━━━ The records ━━━
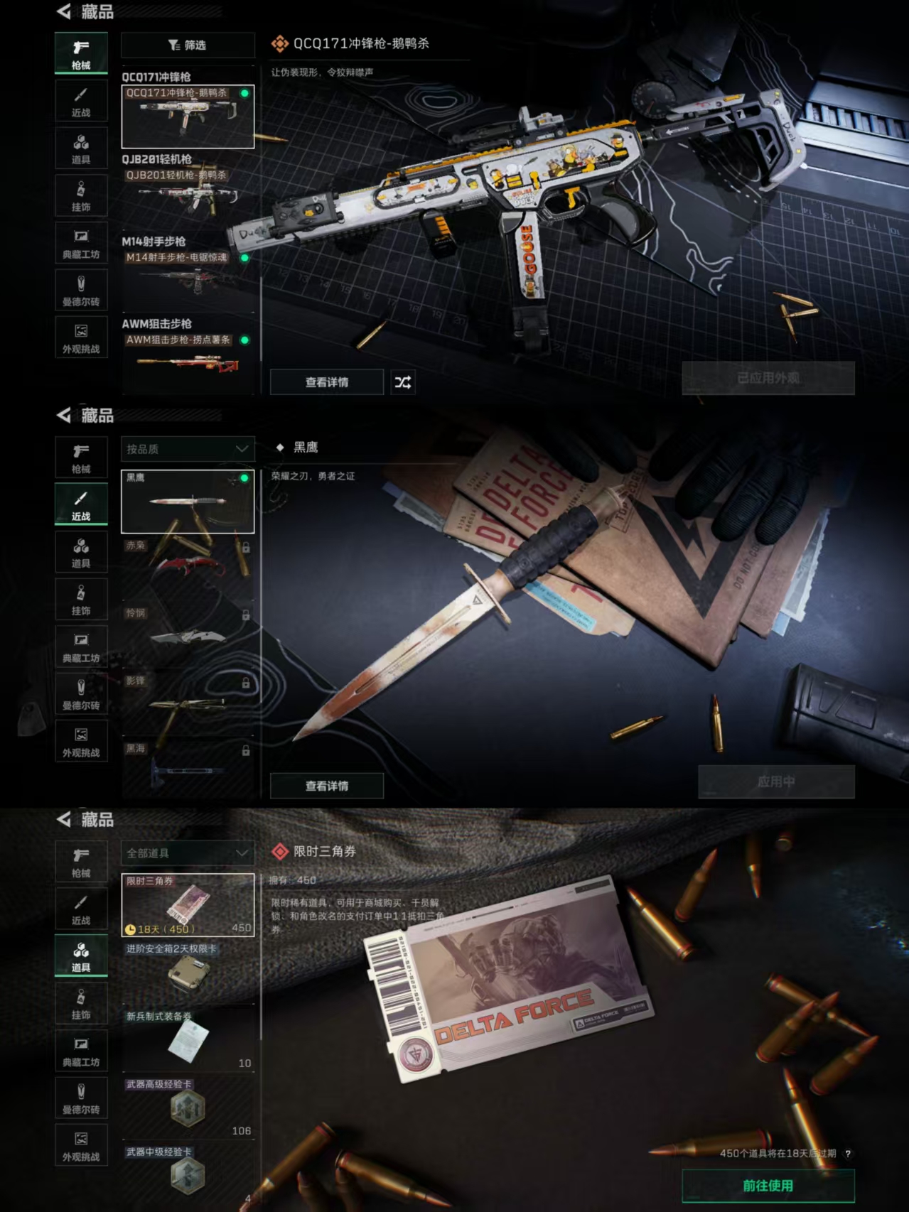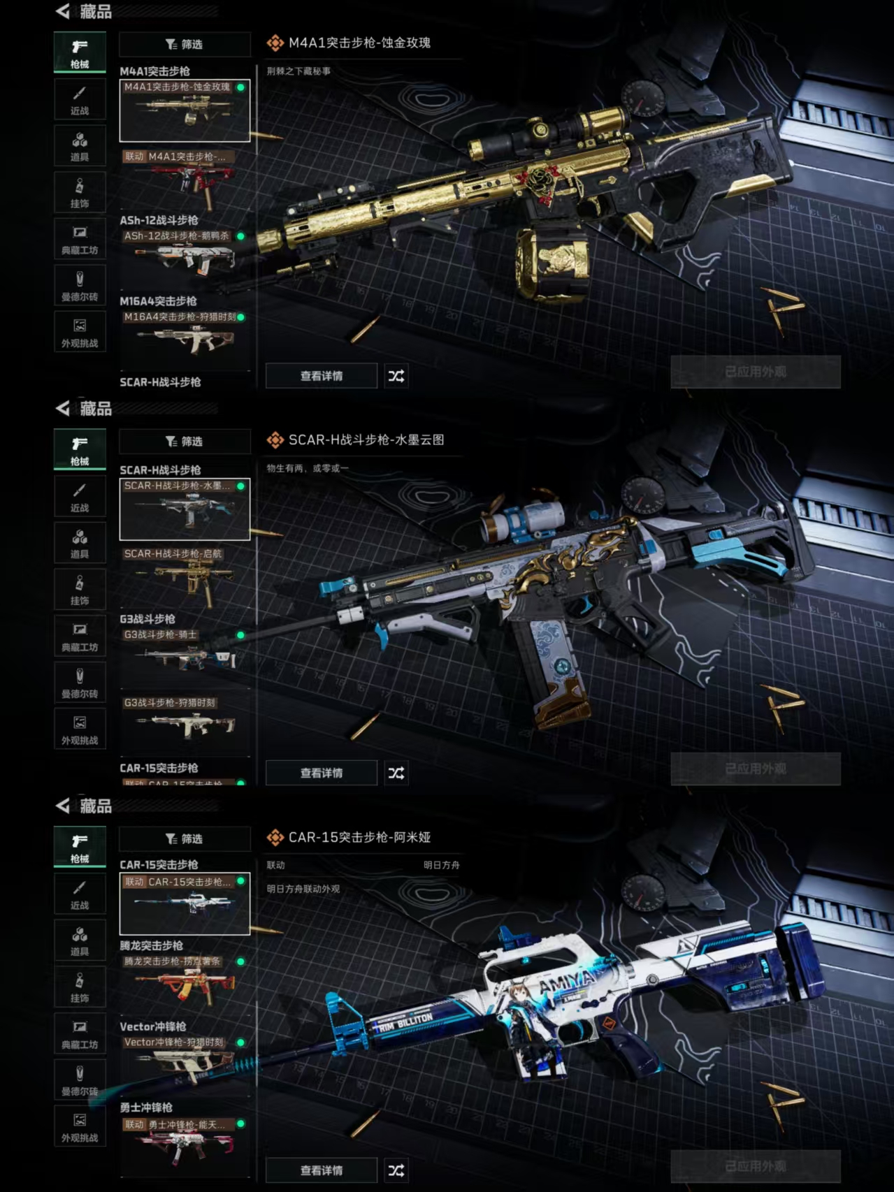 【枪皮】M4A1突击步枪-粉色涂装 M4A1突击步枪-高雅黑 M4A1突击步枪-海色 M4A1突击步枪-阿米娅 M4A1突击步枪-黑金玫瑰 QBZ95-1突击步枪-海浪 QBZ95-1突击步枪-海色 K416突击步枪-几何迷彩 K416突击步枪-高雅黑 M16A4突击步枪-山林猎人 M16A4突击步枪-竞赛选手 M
━━━
━━━ The records ━━━
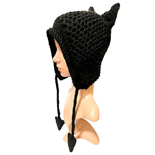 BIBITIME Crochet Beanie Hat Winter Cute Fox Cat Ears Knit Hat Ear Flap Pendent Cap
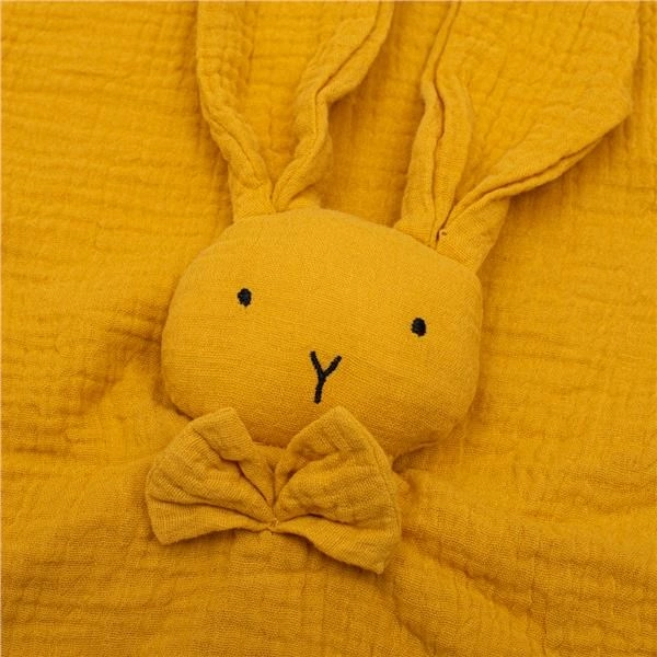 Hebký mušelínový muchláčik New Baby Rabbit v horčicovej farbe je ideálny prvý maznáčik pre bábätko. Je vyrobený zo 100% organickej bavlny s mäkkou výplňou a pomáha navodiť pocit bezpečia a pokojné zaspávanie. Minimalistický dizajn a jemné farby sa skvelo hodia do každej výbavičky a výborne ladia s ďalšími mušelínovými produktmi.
━━━
-- Task objective --
Please set down, exactly and with no pictures, the lines in the entries above starting at the one holding "BIBITIME Crochet Beanie" and ending at the one holding "Hebký mušelínový muchláčik", ends included.

-- Solution to the problem --
 BIBITIME Crochet Beanie Hat Winter Cute Fox Cat Ears Knit Hat Ear Flap Pendent Cap
 Hebký mušelínový muchláčik New Baby Rabbit v horčicovej farbe je ideálny prvý maznáčik pre bábätko. Je vyrobený zo 100% organickej bavlny s mäkkou výplňou a pomáha navodiť pocit bezpečia a pokojné zaspávanie. Minimalistický dizajn a jemné farby sa skvelo hodia do každej výbavičky a výborne ladia s ďalšími mušelínovými produktmi.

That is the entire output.